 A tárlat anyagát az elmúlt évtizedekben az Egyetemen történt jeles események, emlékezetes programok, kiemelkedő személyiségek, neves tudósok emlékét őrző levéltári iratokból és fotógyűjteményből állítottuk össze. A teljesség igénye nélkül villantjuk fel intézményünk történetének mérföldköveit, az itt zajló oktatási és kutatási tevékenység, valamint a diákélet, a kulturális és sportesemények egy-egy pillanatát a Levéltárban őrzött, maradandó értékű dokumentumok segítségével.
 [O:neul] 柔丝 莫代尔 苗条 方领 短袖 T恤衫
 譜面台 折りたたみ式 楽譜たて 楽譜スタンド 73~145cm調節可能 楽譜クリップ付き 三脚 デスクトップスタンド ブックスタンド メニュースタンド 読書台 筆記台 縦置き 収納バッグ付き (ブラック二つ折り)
━━━━━━━━━━━━━━━━
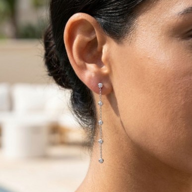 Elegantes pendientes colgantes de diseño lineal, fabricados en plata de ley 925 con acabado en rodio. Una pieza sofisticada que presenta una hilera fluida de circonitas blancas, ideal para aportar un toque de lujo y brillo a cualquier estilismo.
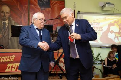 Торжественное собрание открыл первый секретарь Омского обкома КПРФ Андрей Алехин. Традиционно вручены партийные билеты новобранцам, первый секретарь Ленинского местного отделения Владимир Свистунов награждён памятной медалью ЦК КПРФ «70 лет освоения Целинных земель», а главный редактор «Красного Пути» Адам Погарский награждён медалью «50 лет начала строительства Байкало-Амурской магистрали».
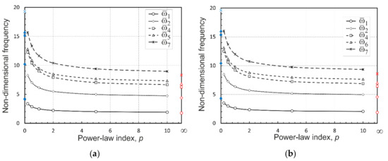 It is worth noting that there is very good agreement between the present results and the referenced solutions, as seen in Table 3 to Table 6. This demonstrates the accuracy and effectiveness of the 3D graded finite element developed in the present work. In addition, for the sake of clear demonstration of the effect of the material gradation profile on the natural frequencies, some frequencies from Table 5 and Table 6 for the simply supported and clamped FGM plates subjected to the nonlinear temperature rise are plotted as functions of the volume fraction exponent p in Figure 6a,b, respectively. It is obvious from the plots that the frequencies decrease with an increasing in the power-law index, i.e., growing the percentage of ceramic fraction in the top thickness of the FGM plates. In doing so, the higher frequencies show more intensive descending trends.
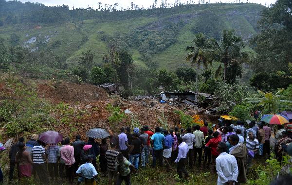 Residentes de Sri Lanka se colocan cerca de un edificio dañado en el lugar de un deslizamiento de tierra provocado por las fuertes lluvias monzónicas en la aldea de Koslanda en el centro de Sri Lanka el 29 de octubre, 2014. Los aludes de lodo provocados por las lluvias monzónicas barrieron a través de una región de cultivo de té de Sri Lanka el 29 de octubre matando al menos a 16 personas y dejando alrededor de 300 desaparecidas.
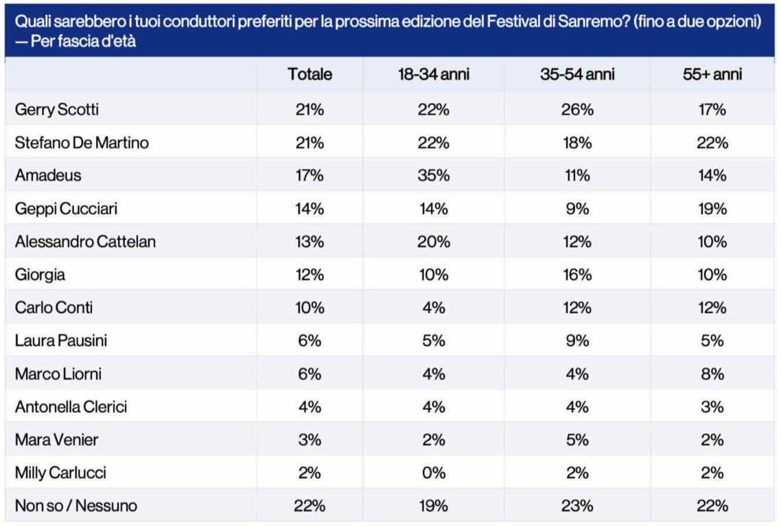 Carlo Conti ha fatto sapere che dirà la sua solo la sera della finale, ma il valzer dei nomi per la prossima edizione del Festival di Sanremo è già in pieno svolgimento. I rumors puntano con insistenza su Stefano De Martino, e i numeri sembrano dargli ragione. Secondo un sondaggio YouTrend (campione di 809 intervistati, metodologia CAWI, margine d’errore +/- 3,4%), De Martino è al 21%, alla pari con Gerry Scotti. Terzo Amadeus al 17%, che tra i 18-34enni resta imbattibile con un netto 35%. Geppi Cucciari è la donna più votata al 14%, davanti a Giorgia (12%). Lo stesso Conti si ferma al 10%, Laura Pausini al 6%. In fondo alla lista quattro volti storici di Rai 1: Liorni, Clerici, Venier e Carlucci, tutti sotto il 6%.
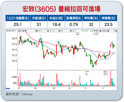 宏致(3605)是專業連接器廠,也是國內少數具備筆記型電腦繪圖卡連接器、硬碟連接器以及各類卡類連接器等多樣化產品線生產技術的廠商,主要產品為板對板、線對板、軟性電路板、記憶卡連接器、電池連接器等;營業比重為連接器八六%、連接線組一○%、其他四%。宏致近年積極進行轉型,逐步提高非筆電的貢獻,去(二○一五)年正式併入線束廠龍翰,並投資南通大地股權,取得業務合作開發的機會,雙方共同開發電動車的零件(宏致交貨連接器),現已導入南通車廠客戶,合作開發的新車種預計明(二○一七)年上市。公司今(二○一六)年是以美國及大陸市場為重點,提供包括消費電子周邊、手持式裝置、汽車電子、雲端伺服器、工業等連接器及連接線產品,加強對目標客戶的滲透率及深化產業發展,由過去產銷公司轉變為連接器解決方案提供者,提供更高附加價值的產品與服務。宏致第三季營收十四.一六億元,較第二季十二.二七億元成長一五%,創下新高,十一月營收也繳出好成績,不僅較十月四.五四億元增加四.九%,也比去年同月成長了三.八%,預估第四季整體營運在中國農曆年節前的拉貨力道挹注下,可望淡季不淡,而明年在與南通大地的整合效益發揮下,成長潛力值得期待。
━━━━━━━━━━━━━━━━
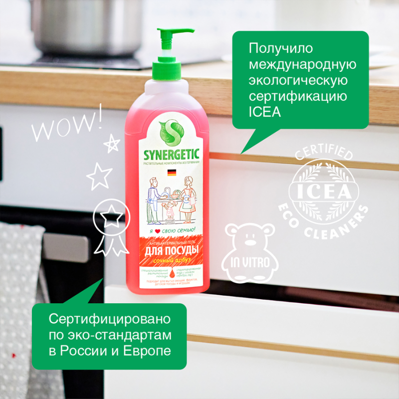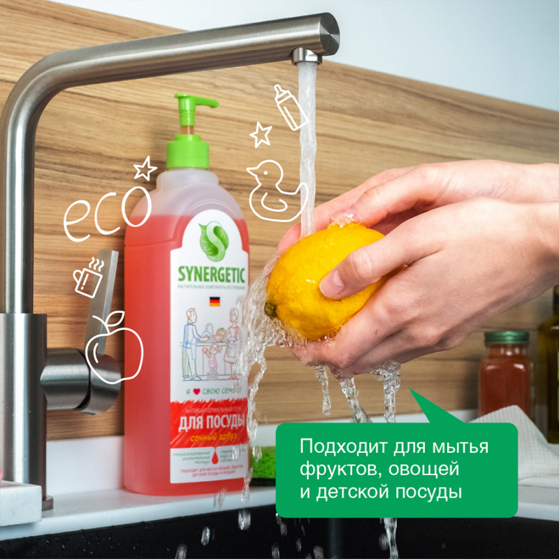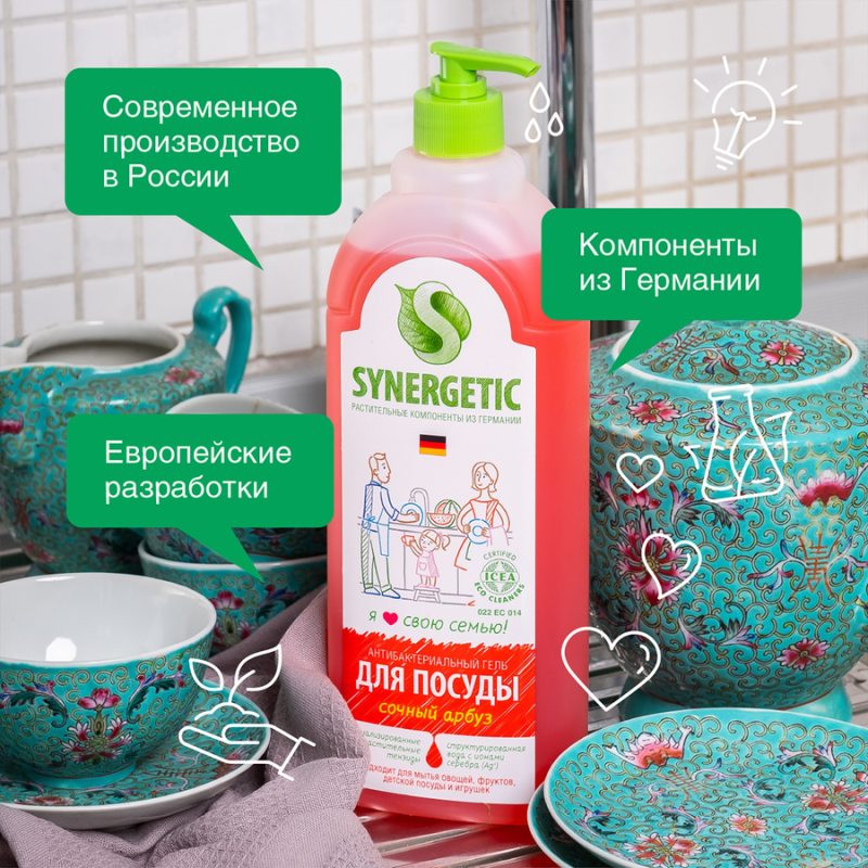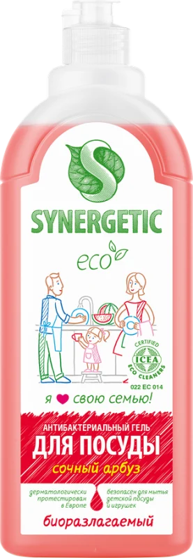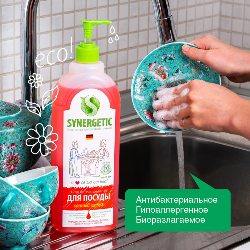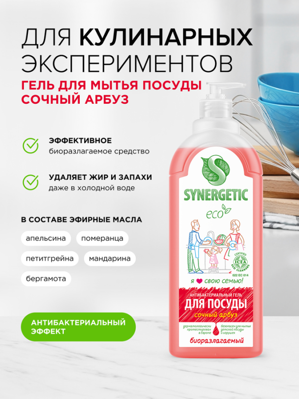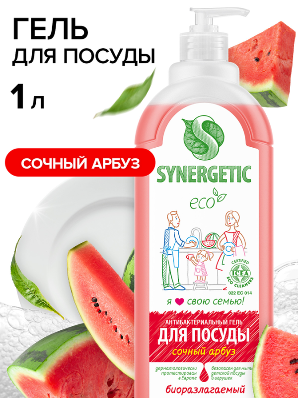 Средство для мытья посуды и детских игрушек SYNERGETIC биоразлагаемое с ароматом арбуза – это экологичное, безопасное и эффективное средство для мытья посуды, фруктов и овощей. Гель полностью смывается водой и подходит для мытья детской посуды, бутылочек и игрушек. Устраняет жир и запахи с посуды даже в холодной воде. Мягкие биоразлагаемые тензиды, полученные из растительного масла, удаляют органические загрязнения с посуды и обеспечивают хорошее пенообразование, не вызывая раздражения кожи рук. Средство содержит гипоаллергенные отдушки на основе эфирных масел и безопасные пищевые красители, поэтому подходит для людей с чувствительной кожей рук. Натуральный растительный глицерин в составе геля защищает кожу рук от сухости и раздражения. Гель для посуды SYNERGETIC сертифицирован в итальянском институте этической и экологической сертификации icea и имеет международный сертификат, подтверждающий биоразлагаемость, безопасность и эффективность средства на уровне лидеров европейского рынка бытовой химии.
━━━━━━━━━━━━━━━━
Exercise description:
Above are the entries. Copy exactly the part that opens with the line containing "A tárlat anyagát" and closes with the line containing "譜面台 折りたたみ式 楽譜たて", and no more.

Solved exercise:
 A tárlat anyagát az elmúlt évtizedekben az Egyetemen történt jeles események, emlékezetes programok, kiemelkedő személyiségek, neves tudósok emlékét őrző levéltári iratokból és fotógyűjteményből állítottuk össze. A teljesség igénye nélkül villantjuk fel intézményünk történetének mérföldköveit, az itt zajló oktatási és kutatási tevékenység, valamint a diákélet, a kulturális és sportesemények egy-egy pillanatát a Levéltárban őrzött, maradandó értékű dokumentumok segítségével.
 [O:neul] 柔丝 莫代尔 苗条 方领 短袖 T恤衫
 譜面台 折りたたみ式 楽譜たて 楽譜スタンド 73~145cm調節可能 楽譜クリップ付き 三脚 デスクトップスタンド ブックスタンド メニュースタンド 読書台 筆記台 縦置き 収納バッグ付き (ブラック二つ折り)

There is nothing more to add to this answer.